La première ministre Theresa May, à l’issue d’un conseil extraordinaire des leaders européens sur le Brexit, organisé le 11 avril, à Bruxelles. / YVES HERMAN / REUTERS

Editorial du « Monde ». Il y a toutes les raisons d’être excédé par ces Britanniques incapables de résoudre le pataquès du Brexit dans lequel ils se sont fourrés et qui viennent de nouveau tendre la sébile pour quémander un délai de grâce. Voilà près de trois ans que le vaudeville politique britannique gangrène le Royaume-Uni, qu’aucun responsable politique n’est capable d’aller au-delà de la tautologie de la première ministre, Theresa May : « Brexit means Brexit » (Brexit veut dire Brexit). Mais sans savoir comment y parvenir.

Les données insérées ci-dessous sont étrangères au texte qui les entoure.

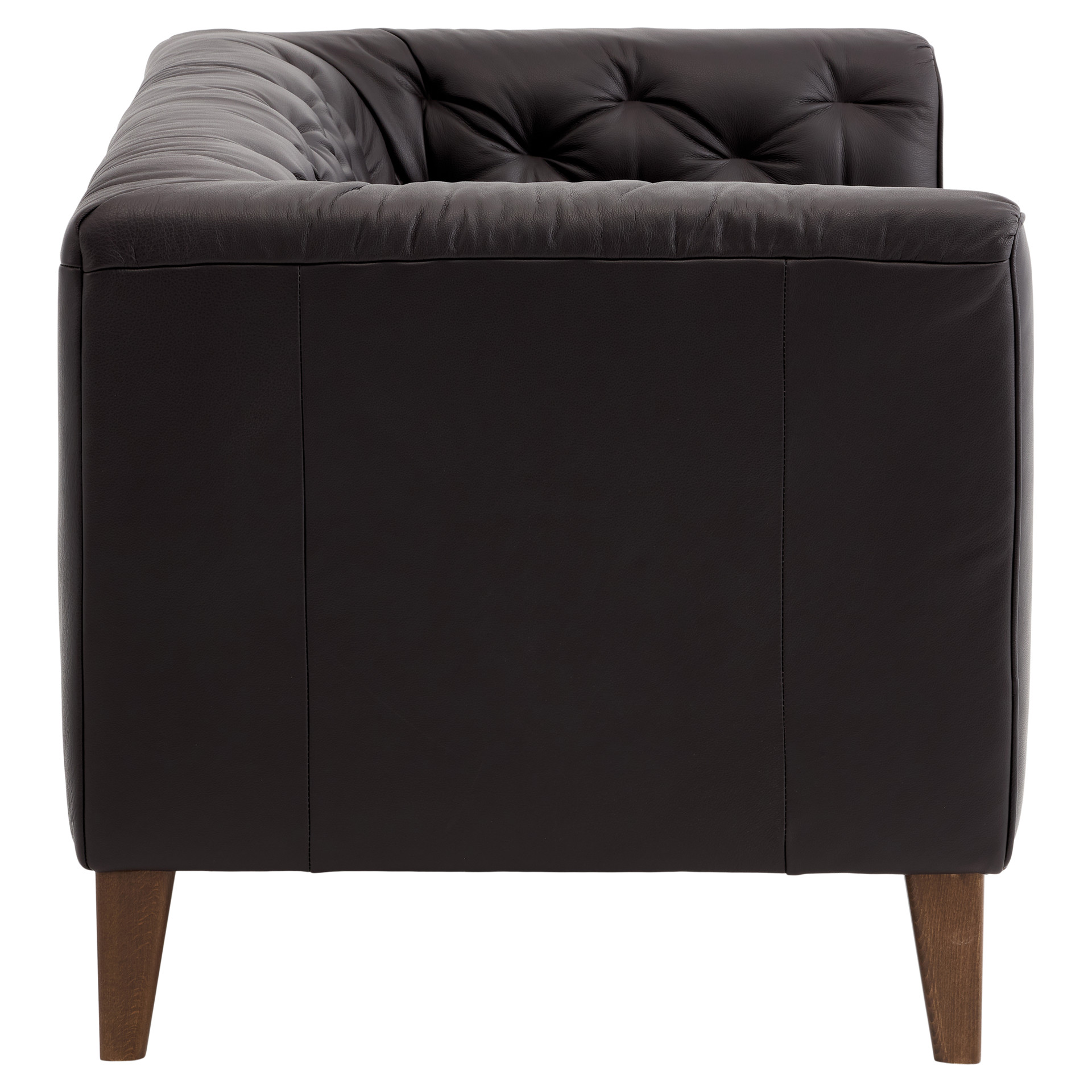 The noble wood legs add a warm, authentic touch, creating a harmonious contrast with the dark leather.

Voilà trois mois que le Parlement britannique, poumon de la démocratie parlementaire, est embarqué dans un interminable sketch des Monty Python, où chacun défend une seule partition (Brexit dur ou mou, union douanière, référendum, etc.) dans la cacophonie la plus complète.

Le danger est grand que cette folie britannique n’atteigne un continent européen qui n’a vraiment pas besoin de ça. L’insubmersible Theresa May a arraché quelques mois de sursis aux dirigeants européens, mercredi 10 avril dans la nuit. Le Conseil européen a accepté de reporter au 31 octobre la date-butoir de sortie des Britanniques. En route donc pour le « Halloween Brexit ». Mais pour quoi faire ?

Il y a deux semaines, les dirigeants juraient leurs grands dieux qu’ils n’accorderaient un délai que si Londres avait des propositions concrètes. Theresa May est arrivée les mains presque vides, remplies seulement de quelques images d’une rencontre avec le leader de l’opposition, Jeremy Corbyn, signe d’un compromis possible auquel personne ne croit guère outre-Manche. Les tories crient à la trahison et se déchirent, pressés de prendre la place de Theresa May. Le Labour semble préférer un nouveau référendum et surtout de nouvelles élections générales.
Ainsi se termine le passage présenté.